Both The Times and Politicker NY are reporting that a revolt in the Senate has left the Republicans in charge of the state’s legislative body. Pedro Espada, Jr., and the legally embattled Hiram Monserrate voted with the State Senate’s 30 Republicans to approve a change in leadership. Espada is the temporary Senate president, and Dean Skelos, the former minority leader, will take over the majority position from Malcolm Smith.
For now, Epsada and Monserrate are not calling themselves Republicans. The two say they will form their own caucus of “reform Democrats” and will probably side with state Republicans in Senate votes. While the two shifted parties ostensibly because of Espada has termed a “quagmire” and “chaos” in the Senate since the Democrats took over, the immediate ramifications are unclear. For now, it appears as though Gov. David Paterson’s gay marriage proposal is DOA.

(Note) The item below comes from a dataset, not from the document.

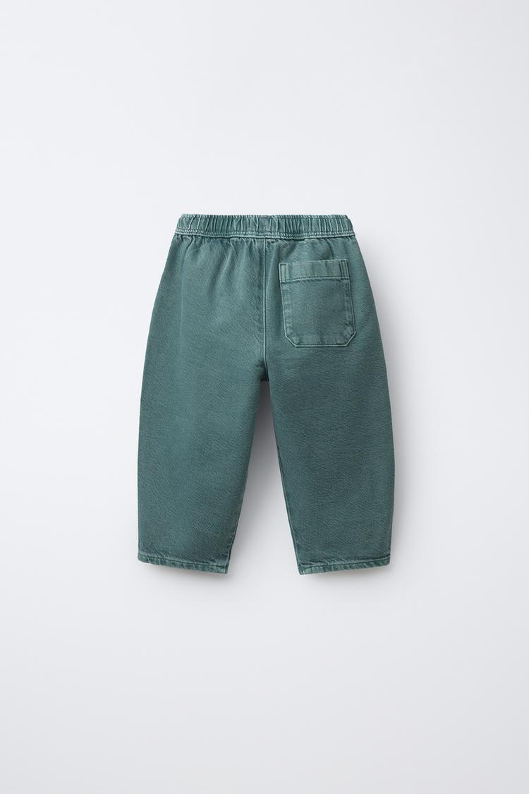 ZARA БРЮКИ BAGGY ИЗ САРЖИ, ЗЕЛЕНЫЙ

What, though, of the MTA bailout? In a few weeks, the Democrat-approved payroll tax will go into effect, and it has so far proven to be wildly unpopular with areas outside of the five boroughs. The Metro-North corridors and LIRR counties are not too happy about another tax for the NYC-focused MTA.
As the bailout talks went on in the Senate, Skelos repeatedly expressed his displeasure at being left out, and while Paterson tried to reach across the aisle once or twice, the plan that passed did so with the support of the 32 Democrats. Right now, though, I can’t imagine the Republicans doing anything to upset the current rescue plan. Doing so would send the MTA into a stunning bit of turmoil ten days after the drop-dead date for the original Doomsday budget.
The future though is murky for the beleaguered transit agency. The G.O.P leadership will put more pressure on the MTA to undergo heavy internal belt-tightening, and the financial future of the next five-year capital plan remains cloudy. I’ll try to round up more views on the MTA’s future in light of the shifting political winds, but with a leadership structure in flux and the onset of political turmoil in Albany, I am not optimistic.
Update 5:30 p.m.: In a statement released this afternoon, Dean Skelos pointed to the MTA rescue plan as one of the problematic actions of the Democratic majority. That is not a good sign for the MTA and its backers.